1 Introduction
Recommender systems are a prominent example of information-seeking technology where machines and humans collaborate to support decision making in daily life. One important challenge for these systems is balancing business interests for producers and providers with fairness, privacy, and utility for consumers. Such concerns motivate the research direction of trustworthy recommender systems. Various countries and institutions around the world have recently identified and categorized challenges in the scope of digital technology trustworthiness, and have developed policies and regulations to govern them. For instance, regulations in the European Union include the
Artificial Intelligence Act,
1 Digital Services Act,
2 Digital Markets Act,
3 and the
General Data Protection Regulation.
4 In the USA, the White House’s
Executive Order on Artificial Intelligence5 provides the foundation for responsible AI development and use. In China, regulations include the
Provisions on the Administration of Algorithm-generated Recommendations for Internet Information Services,
6 Cybersecurity Law of the People’s Republic of China,
7 and
Personal Information Protection Law [
2] Those regulations demonstrate that recommender systems and their potential risks are also taken seriously from a political and legal perspective [
13].
Trustworthiness is a fundamental topic in recommender systems research from a technical, ethical, moral, legal, and utilitarian perspective, and is embedded into the larger area of responsible AI technology. Respective systems should, therefore, be researched from a multidisciplinary viewpoint. The primary concerns that trustworthiness summons in a recommender system context span aspects of robustness, security, privacy, controllability, interpretability, transparency, and fairness. Robustness and security refer to the ranking model’s capability to withstand unintended errors (e.g., noise) or intended attacks (e.g., injection of adversarial data), and more generally, adversarial cyberattacks of third parties. Privacy refers to whether we can trust models to have access to sensitive data, or whether (some part of the) sensitive data could be released during training. Controllability means that users have the ability to change the system behavior by controlling aspects of the ranking model or recommendations. Interpretability refers to the ability to understand how the model makes decisions. Transparency, more generally, means that the data, system, and business models linked to the recommender system should be transparent. The system’s capabilities, limitations, and decisions should be explained in a manner tailored to their stakeholders. Fairness means that the model does not systematically discriminate against (groups of) consumers or producers. Most of these dimensions are addressed in the papers constituting this special issue.
2 Overview of the Publications Included in this Special Issue
The special issue on
Trustworthy Recommender Systems features
nine articles, selected through a thorough peer-review process.
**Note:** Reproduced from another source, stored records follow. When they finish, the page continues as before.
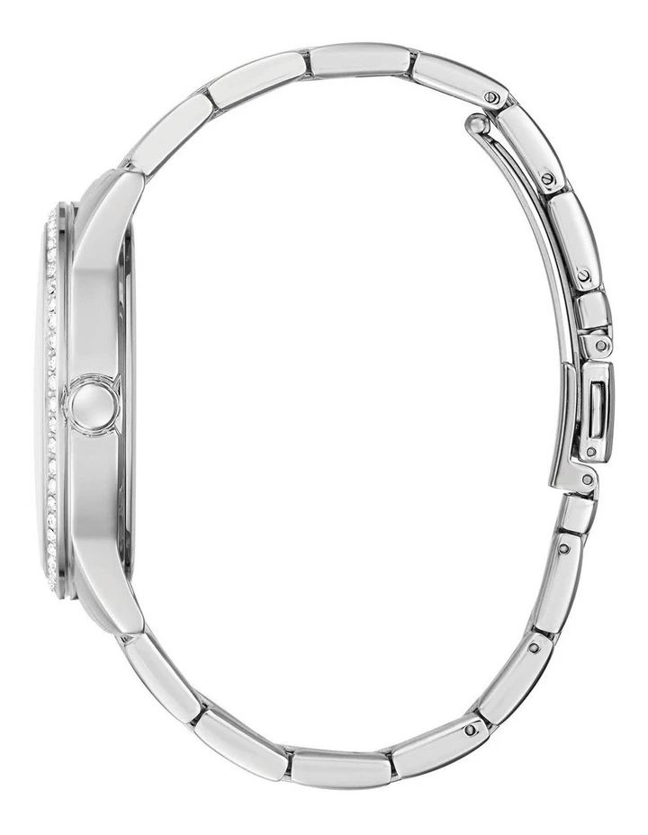 The Guess Ladies G Check watch is iconically GUESS featuring a logo dial with Swarovski markers in a silver tone 40mm case.
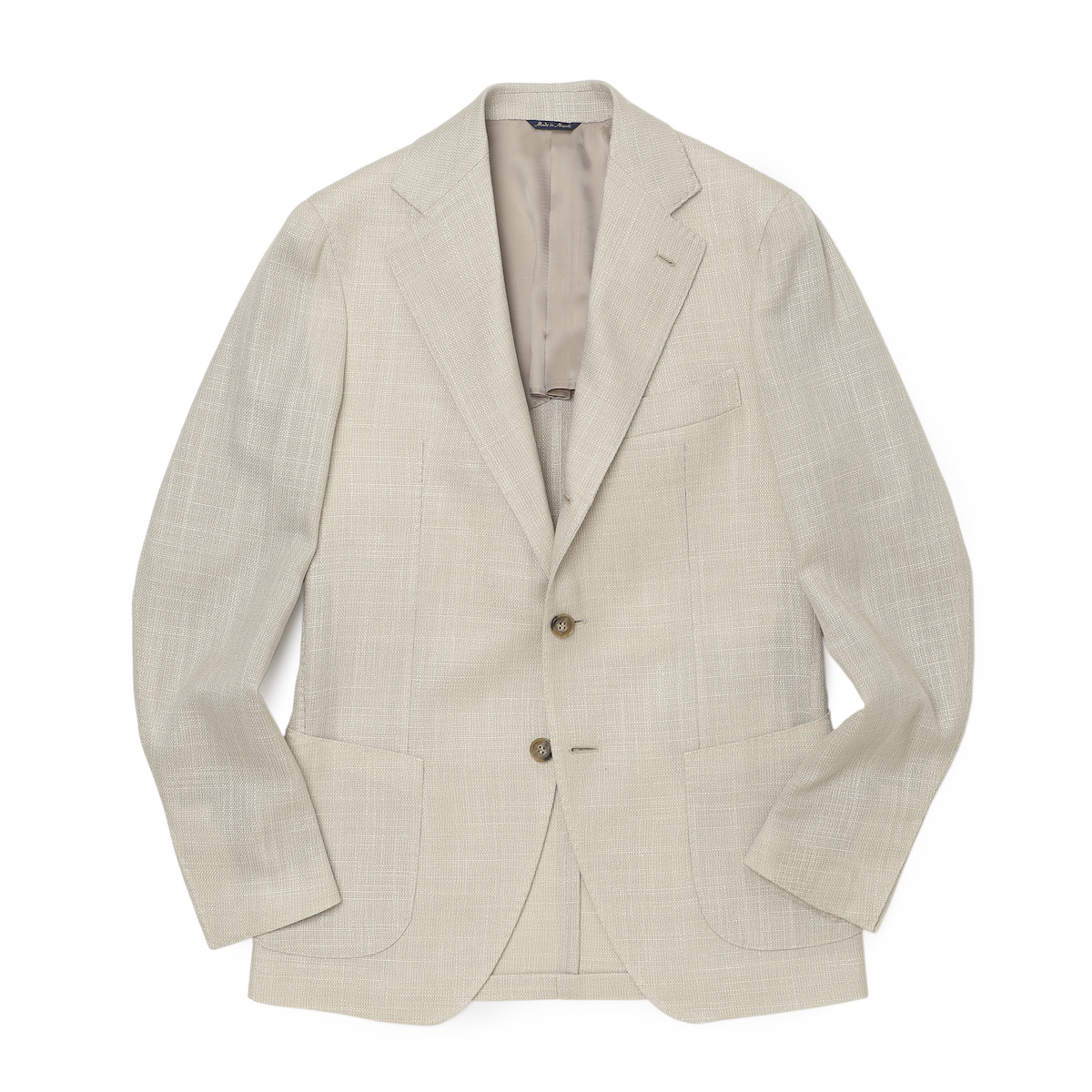 ・ウールにシルクをブレンドした生地は実に軽やか。またリネン特有の節が生地感に現れ、メッシュ状に織られているので清涼感に富んでいます。
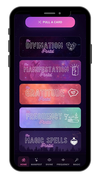 The Divination Portal: Oracle and Tarot decks for quick card pulls or deeper AI-powered readings. Submit a question and receive personalized guidance anytime.
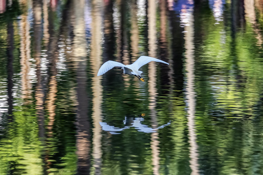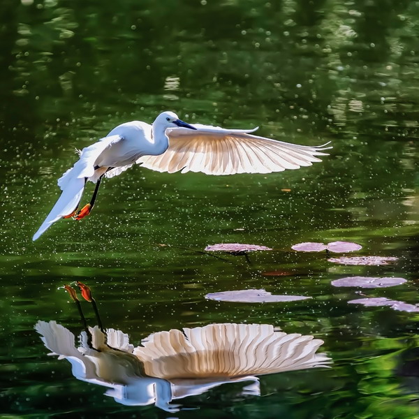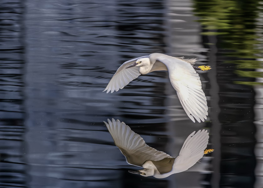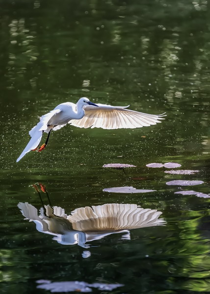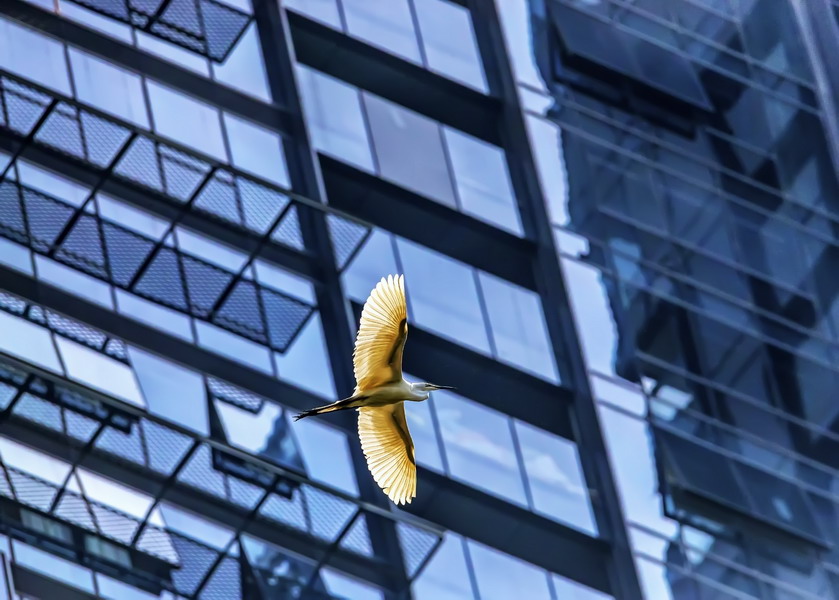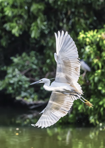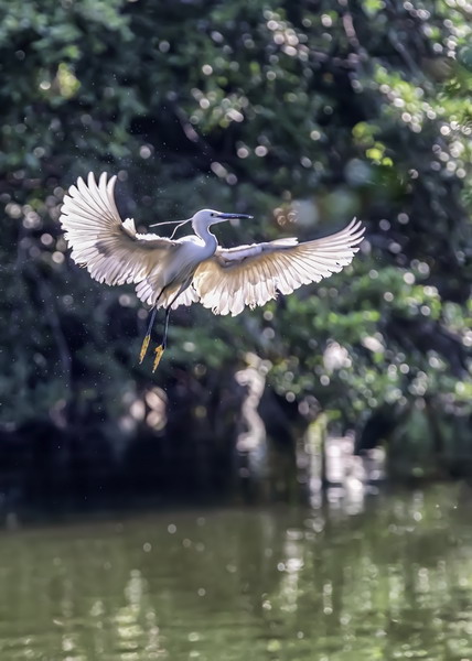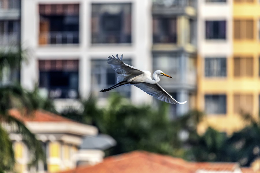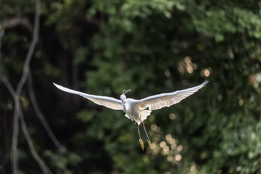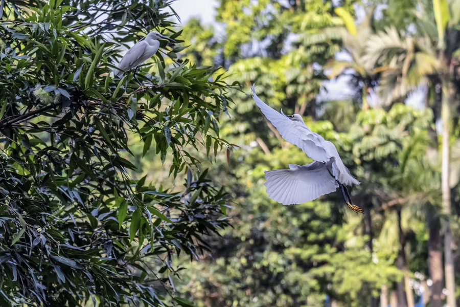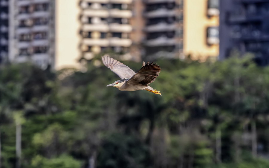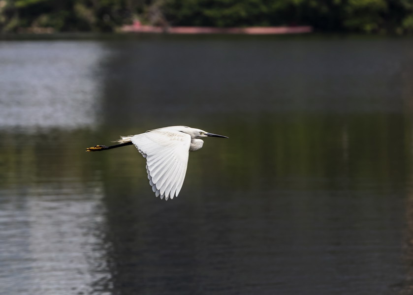 4月15日,攝于南山區(qū)華僑城天鵝堡附近。這是深圳拍鷺鳥的其中一個好去處。白鷺飛行時頭往回縮至肩背處,頸向下曲成袋狀,兩腳向后伸直,遠(yuǎn)遠(yuǎn)突出于尾后,兩翅緩慢地鼓動飛翔。徐捷攝
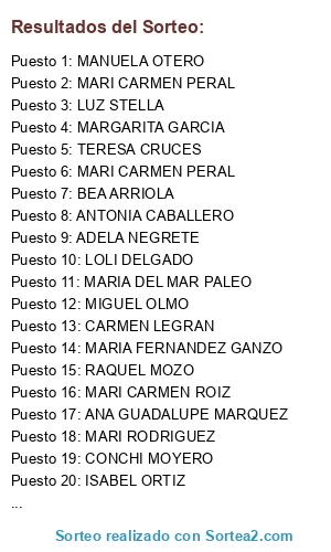 Lista de participantes: BEGOÑA LOPEZ(2 participaciones), BEA ARRIOLA(2 participaciones), CARMEN PLOU, LUZ STELLA, MAITE BEZANILLA, ANA AZNAR, ISABEL ORTIZ(2 participaciones), VIRGI BELVIS, MARIA ANTONIA OBREGON(2 participaciones), ANA GUADALUPE MARQUEZ, CONCHI MOYERO(2 participaciones), ISABEL GONZALEZ, MARGARITA GARCIA, MARIA FERNANDEZ GANZO(2 participaciones), MARY CUORE, LUIS SETIEN, LOLI DELGADO, CHANI MUÑOZ(2 participaciones), MARGA GOMEZ(2 participaciones), PILAR CAÑAS(2 participaciones), CARMEN HERNANDEZ, MONTSE AJA, MANUELA PULLIDO, TERESA CRUCES(2 participaciones), MARY FERNANDEZ(2 participaciones), PILAR MOLIAS, ROSA PIÑERO, CAROLINA RAMOS, MARTA BRAVO, LETICIA SANTAMARIA, RAQUEL MOZO, TRINI, GABRIELA TRISCA, MARIA DEL MAR PALEO, ALBERTO MANUEL MONTES, MANUELA OTERO, MARIA ELENA CASADO, PAQUI NODO, MERCEDES GOMEZ(2 participaciones), PEPY VAMAR, RUTH FLORENCIO, CRISTINA GONZALEZ, MIGUEL OLMO, ILUMINADA FERNANDEZ(2 participaciones), VICTORIA DE LA CRUZ, CARMEN LEGRAN, MARI RODRIGUEZ, SARO RODRIGUEZ(2 participaciones), MARAI DOLORES TORRES, MILAGROS GUTIERREZ, ADELA NEGRETE, ANTONIA CABALLERO, LIDIA MORO, MARI CARMEN ROIZ, MARI CARMEN PERAL(2 participaciones), PILAR CABANILLAS, ROSA BREZO.

The constituting contributions explore various aspects of trustworthy recommender systems, covering key dimensions such as security, privacy, transparency, explainability, bias, and fairness. Table
1 provides an overview of the dimensions addressed in each of the articles. Concrete topics include privacy-preserving mechanisms, such as federated learning for movie recommendations, security considerations for user data protection, methods for providing explainable recommendations, and strategies for ensuring fairness in ranking and interactions. The research spans diverse recommendation domains, including news, movies, jobs, and books, thereby offering practical insights into real-world challenges in recommender systems.
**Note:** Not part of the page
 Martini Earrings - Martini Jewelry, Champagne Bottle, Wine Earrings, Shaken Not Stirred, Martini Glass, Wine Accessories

As an overarching contribution that provides a comprehensive overview on existing literature on the topic, the survey by Ge et al. [
6] reviews over 400 papers on the topic, categorized according to five trustworthiness dimensions: explainability, fairness, privacy, robustness, and controllability. The authors discuss the state of the art in recommender systems that address these dimensions, not only along a single category but also in a cross-dimension manner, such as privacy-aware explainability or controllable fairness.
In the following, we introduce the research articles, categorized into the topics of privacy and security (Section
2.1), transparency and explainability (Section
2.2), and bias and fairness (Section
2.3).
2.1 Privacy and Security
Security and privacy are critical in recommender systems due to the large volumes of sensitive user data these systems process. Preserving user privacy while still providing personalized recommendations is an ongoing challenge. The papers in this part address these issues, by developing privacy-preserving methods using federated learning, and investigating the vulnerabilities of recommender systems to data poisoning attacks.
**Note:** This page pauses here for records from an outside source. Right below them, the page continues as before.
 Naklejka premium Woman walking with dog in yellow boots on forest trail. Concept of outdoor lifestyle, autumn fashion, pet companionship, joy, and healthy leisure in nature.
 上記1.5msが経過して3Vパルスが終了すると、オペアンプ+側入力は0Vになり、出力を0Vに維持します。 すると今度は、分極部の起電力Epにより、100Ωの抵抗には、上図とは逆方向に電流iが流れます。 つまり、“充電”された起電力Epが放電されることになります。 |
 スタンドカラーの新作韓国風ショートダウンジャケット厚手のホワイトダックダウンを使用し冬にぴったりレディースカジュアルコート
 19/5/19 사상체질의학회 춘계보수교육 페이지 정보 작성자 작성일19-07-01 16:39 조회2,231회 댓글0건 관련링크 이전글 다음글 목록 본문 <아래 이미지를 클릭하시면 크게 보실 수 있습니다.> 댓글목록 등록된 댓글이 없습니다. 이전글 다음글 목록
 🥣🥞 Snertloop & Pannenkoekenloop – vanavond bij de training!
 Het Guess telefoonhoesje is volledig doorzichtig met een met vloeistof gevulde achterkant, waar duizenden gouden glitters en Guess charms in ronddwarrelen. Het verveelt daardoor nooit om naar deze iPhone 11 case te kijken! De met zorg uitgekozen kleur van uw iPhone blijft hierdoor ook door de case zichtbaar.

Privacy via Federated Learning
Neumann et al. [
10] in their work “
A Privacy Preserving System for Movie Recommendations using Federated Learning” address the issue of maintaining privacy in a recommender system by employing
federated learning (FL). The authors introduce FedQ, a method designed to overcome key limitations in FL, such as handling non-independent and non-identically distributed data and small local datasets, which often degrade performance. The FedQ approach also incorporates early aggregation of client updates to mitigate the risk of input data reconstruction attacks, while neural network compression is applied to reduce communication overhead and further enhance privacy through parameter obfuscation.
For validating their method, the study focuses on movie recommendation, demonstrating the scalability and effectiveness of their system on a large dataset with over 162,000 clients. One of the key insights from the results is that the early aggregation of updates and the use of neural network compression help counterbalance the effects of data sparsity and imbalance across clients. Additionally, by chaining client training in a privacy-preserving manner, the system achieves more stable and consistent global model updates. Overall, these findings underscore the potential of FL as a robust solution for developing privacy-by-design recommendation models.
Security and Attacks
The study “
Evaluating Impact of User-Cluster Targeted Attacks in Matrix Factorisation Recommenders” by Shams and Leith [
14] investigates the vulnerability of matrix factorization-based recommender systems to
data poisoning attacks targeting specific user clusters. In these attacks, an adversary injects
fake users with manipulated ratings to promote certain items within targeted user groups. The research examines how user and item (latent) feature matrices change following such attacks and identifies factors that affect the success of attacks.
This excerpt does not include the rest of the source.